Kinotipp: Von der Kunst, sich durchzumogeln

Junge trifft Mädchen und verliebt sich. Eine Geschichte, die schon unzählige Male erzählt wurde. Und trotzdem hat "Von der Kunst, sich durchzumogeln" etwas Besonderes: einen herausragenden Hauptdarsteller

Von der Kunst sich durchzumogeln

Story

Obwohl er sich nie wirklich um die Schule gekümmert hat, schafft es Bücherwurm und Einzelgänger George (Freddie Highmore) in sein letztes High-School-Jahr. Doch dort wird er zum ersten Mal mit richtigen Problemen konfrontiert. Die Lehrer erklären ihm, dass er das Schuljahr und seinen Abschluss nicht schaffen wird, wenn er nicht seine Einstellung ändert.

Seine Mutter (Rita Wilson) macht sich deswegen Sorgen und das ohnehin schon schwierige Verhältnis zwischen den beiden droht vollkommen zu zerbrechen. Zu allem Überfluss überwirft sich George auch noch mit seinem Stiefvater (Sam Robards). Aber dann ist da noch das beliebte Mädchen Sally (Emma Roberts), mit dem sich George anfreundet und erfahren muss, dass die Sache mit der Liebe nicht so einfach ist.

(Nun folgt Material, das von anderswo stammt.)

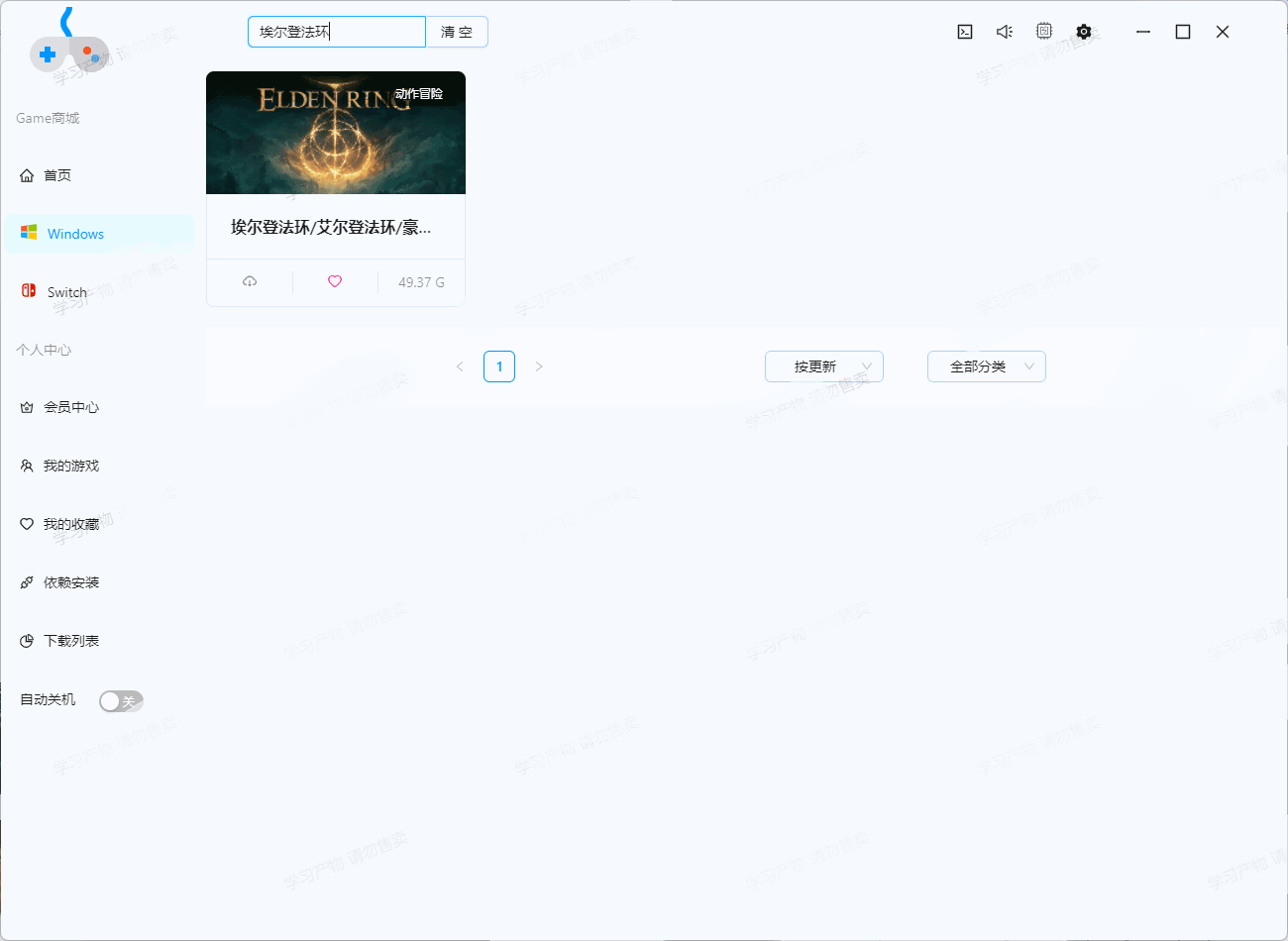 1、首先我们打开gamebox软件进入界面点击上方搜索框,输入想要玩的游戏名字搜索游戏资源,例如:艾尔登法环,搜不到的话就是没有。
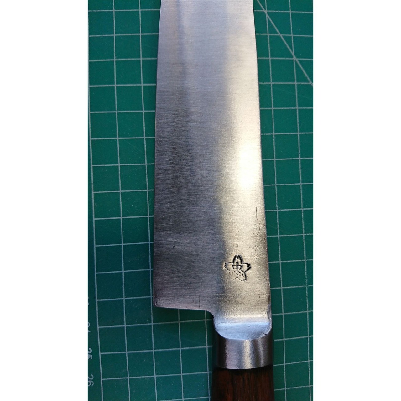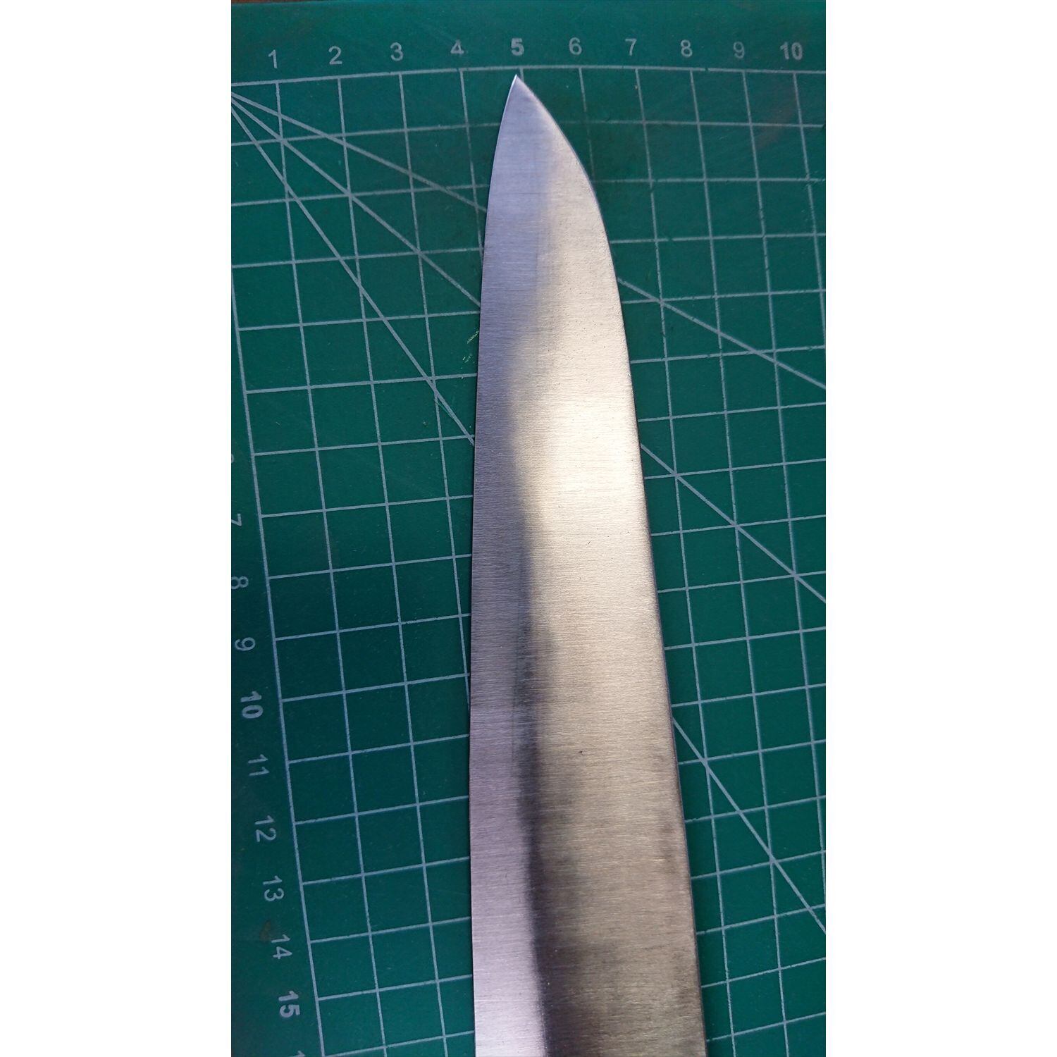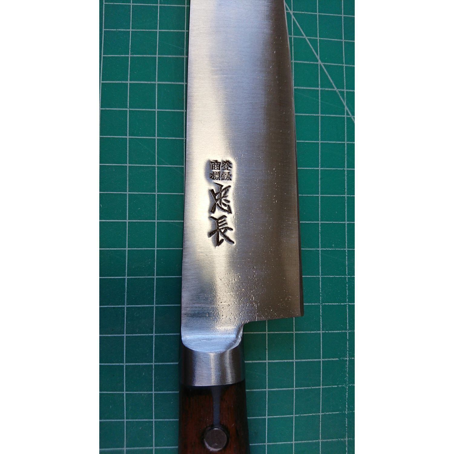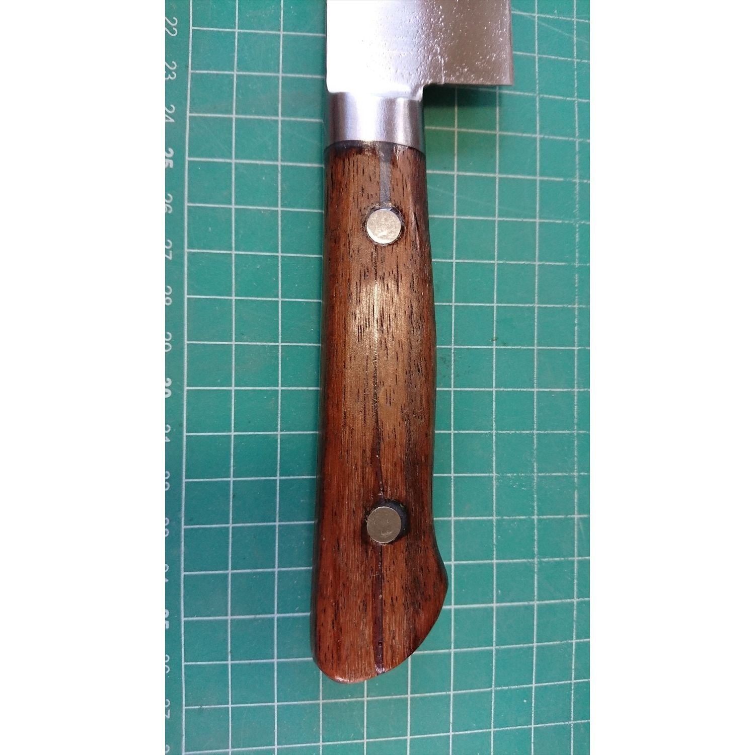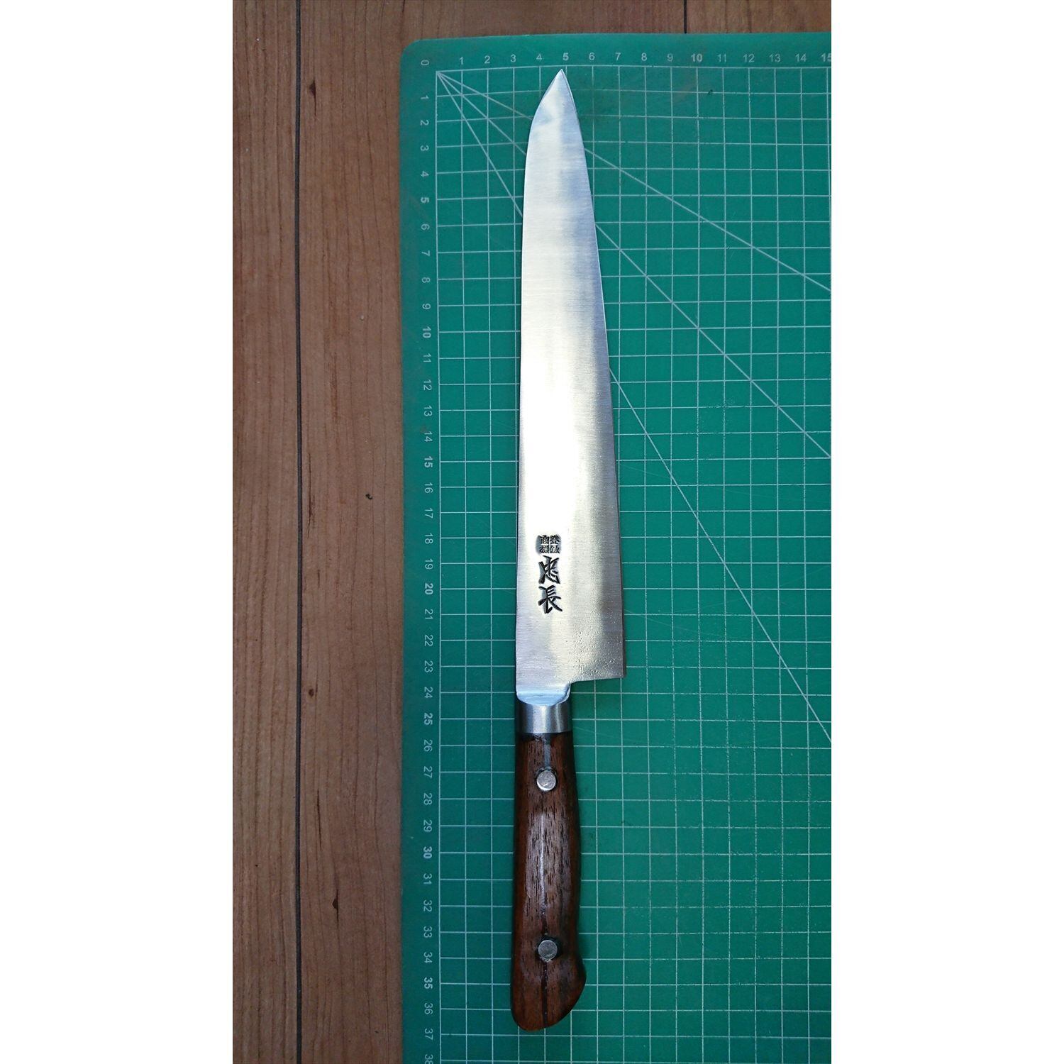 1. o3133/状態:中古/銘:忠長/牛刀(両刃 約 左1:右9 右利き用)/刃長:230/峰厚 アゴ上:2.1/重量:169/作り:鋼/他:柄はオーバーホール済み(リベットは新品交換済み)。ツバの根元から柄全体にかけて樹脂コーティング済み(防サビの為)

Spaziergang durch das New Yorker West Village statt Schule: George (Freddie Highmore) und Sally (Emma Roberts).

Star-Feature

In das frische Teenie-Drama fügt sich Freddie Highmore als George perfekt hinein. Mit seiner zerbrechlichen Art gibt der Schauspieler der Figur die nötige Unsicherheit eines Teenagers, der von seinen Gefühlen, die er bis dato gar nicht kannte, plötzlich übermannt wird.

In Georges Dilemma der unerwiderten ersten Liebe ist der Zuschauer wegen Highmores eindringlicher, sehr puristischer Spielweise augenblicklich gefangen. Seine Mimik ist hier sein Trumpf: Ein verschmitztes Lächeln, Melancholie in den Augen - viel mehr braucht Highmore nicht, um seiner Figur Leben einzuhauchen.

Sein weibliches Pendant Emma Roberts überspielt durch ihre sehr natürlich wirkende Coolness auf sympathische Weise Sallys Angst vor den Gefühlen. Sie begeistert mit ihrer Frische und Liebenswürdigkeit nicht nur die Figur des George. Zu Gute kommt den beiden Schauspielern, dass sie zum Drehzeitpunkt in etwa dem gleichen Alter ihrer Figuren waren, wodurch sie ihren Charakteren die nötige Authentizität geben konnten.

Fazit

"Von der Kunst, sich durchzumogeln" ist eine amüsante Teenie-Liebesgeschichte, an der aber nicht nur Jugendliche Gefallen finden können. Vielmehr überzeugt die Synthese aus schönen New-York-Bildern fernab von Times Square und Empire State Building, träumerischer Indie-Musik und einer süßen, aber auch klischeefreien Geschichte über die erste Liebe.

Denn vor allem die ehrliche, nicht übertriebene Auseinandersetzung mit dieser doch sehr ausgelutschten Thematik macht den Film zu etwas Besonderem zwischen all den anderen Coming-Of-Age-Geschichten. Den größten Beitrag leisten dazu vor allem die schauspielerischen Leistungen von Freddie Highmore und Emma Roberts, die der an sich vorhersehbaren Geschichte Würze verleihen.